Lerøy Seafood Group ASA
- Type: Allmennaksjeselskap
- Traded as: OSE: LSG
- Industry: Seafood
- Headquarters: Bergen, Norway, Bergen, Norway
- Area served: Global
- Key people: Henning Beltestad
- Products: Fish and Seafood
- Number of employees: 2000
- Website: www.leroy.no www.leroyseafood.com www.lsg.no

= Lerøy =

Norwegian seafood company

Lerøy Seafood Group ASA is a seafood production and distribution company based in Bergen, Norway

The company started operation in the 19th century when the fisherman Ole Mikkel Lerøen started selling fish and other seafood on the fish market of Bergen. In 1939 the primary subsidiary Hallvar Lærøy AS was founded. Until 1997 the company was family owned, when it became a public company resulting in the listing on Oslo Stock Exchange in 2002.

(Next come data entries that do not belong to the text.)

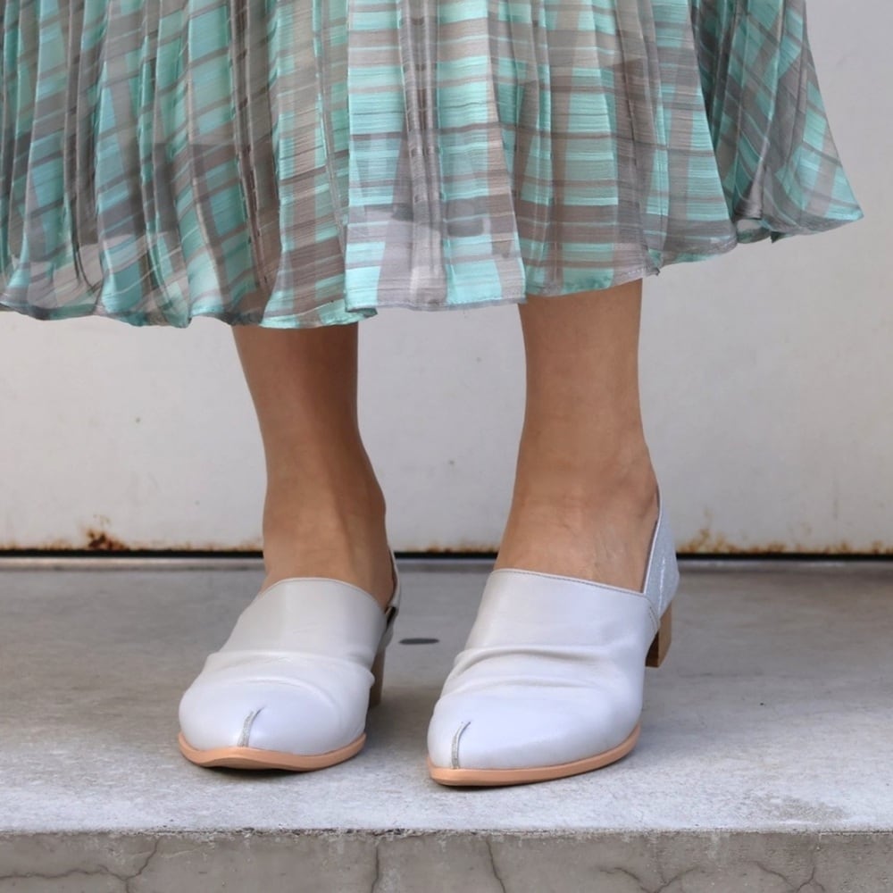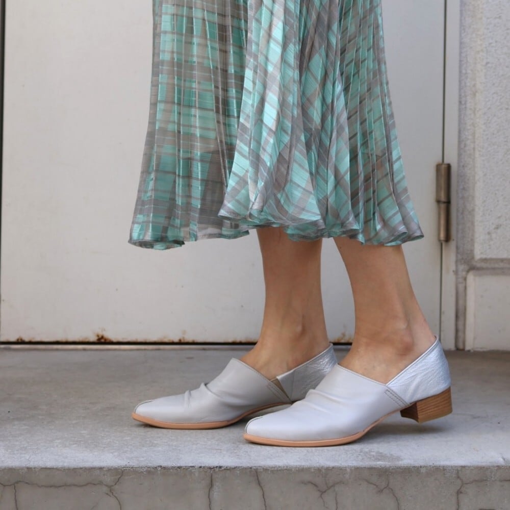 踵の芯材もソフトな物を使用し、バブーシュ感覚で踵を踏んでも履ける2WAYタイプになります。甲部分には足当たり、足馴染みのソフトレザーを使いフィット感を追及したデザインです。
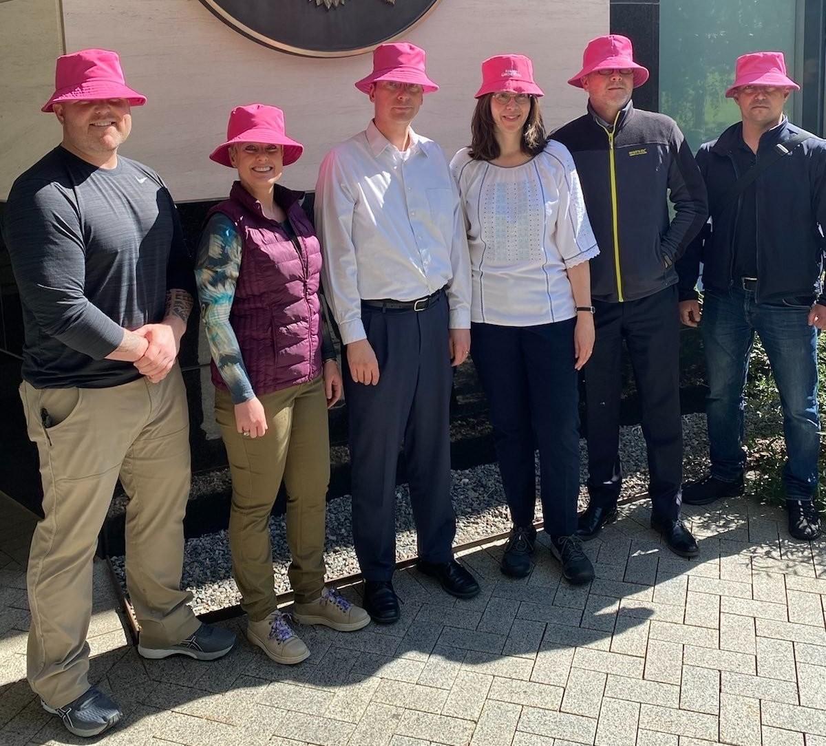 На фото – співробітники посольства у вишиванках та у рожевих панамах, таких, як у переможців “Євробачення-2022” Kalush Orchestra.
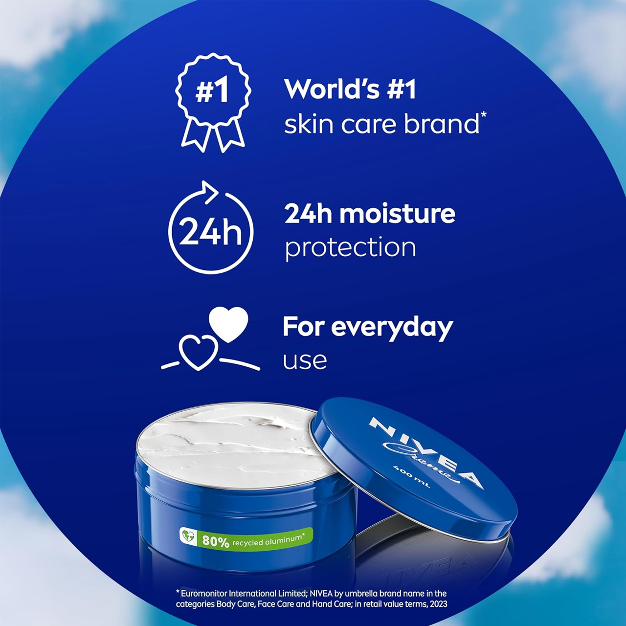 Save -$4.00 Nivea - Creme All-Purpose | 400 mL BrandNivea Share WhatsApp Deel X Pin it Messenger Email Product form Free pickup in store Free pickup in store SKU: 62025021201 12 in stock $14.99 $10.99 Quantity Add to cart This item is a recurring or deferred purchase. By continuing, I agree to the cancellation policy and authorize you to charge my payment method at the prices, frequency and dates listed on this page until my order is fulfilled or I cancel, if permitted. Earn [points_amount] when you buy this item. Features Intensive care for dry skin.Suitable for face, hands, and body.Enriched with Eucerit for hydration.Dermatologically approved formula.Classic, multi-purpose moisturizer.Iconic blue tin packaging.
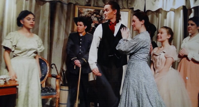 ‘Degas in New Orleans,’ by Rosary O’Neill, directed by Deborah Temple, music by David Temple at the Arthur Seelen Theatre Drama Bookstore. (L to R) Lucy Makebish, Patrick O’Shea, Trevor Kowalsky,
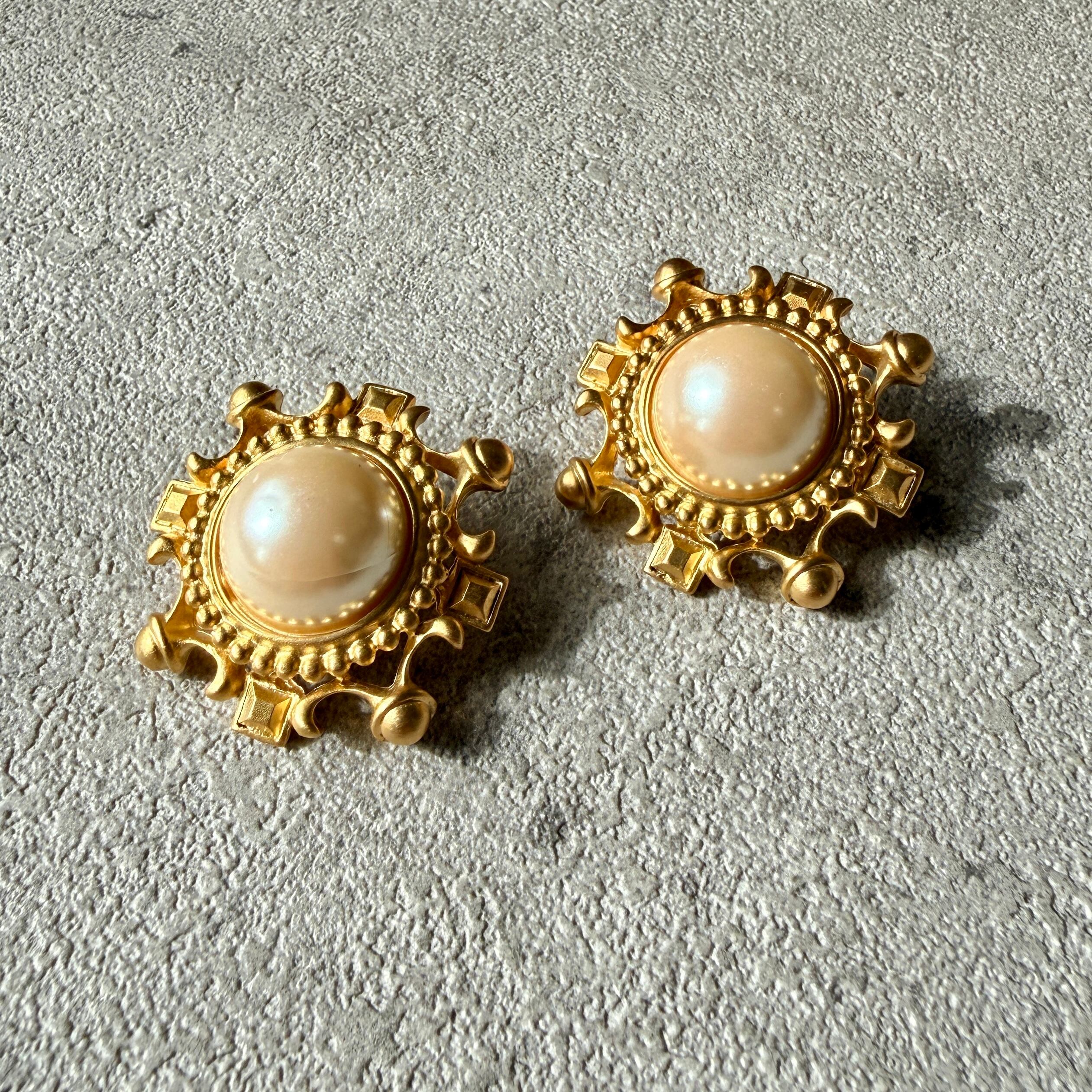 柔らかな照りのあるふっくらとした立体感あるパールが存在感を放ち、ヴィンテージならではの重厚感と細やかなディテールが、どの角度から見ても美しく耳元を彩ります。

The company started exporting salmon in 1973 and gradually became dominant among Norway's salmon exporters.

In 2011, the company was named Norway's 12th largest exporting company.

As of 2012, the company was the second largest salmon and trout farming company in the world, and involved in fish farms in Hitra, Kristiansund, Troms, and Scotland (Shetland).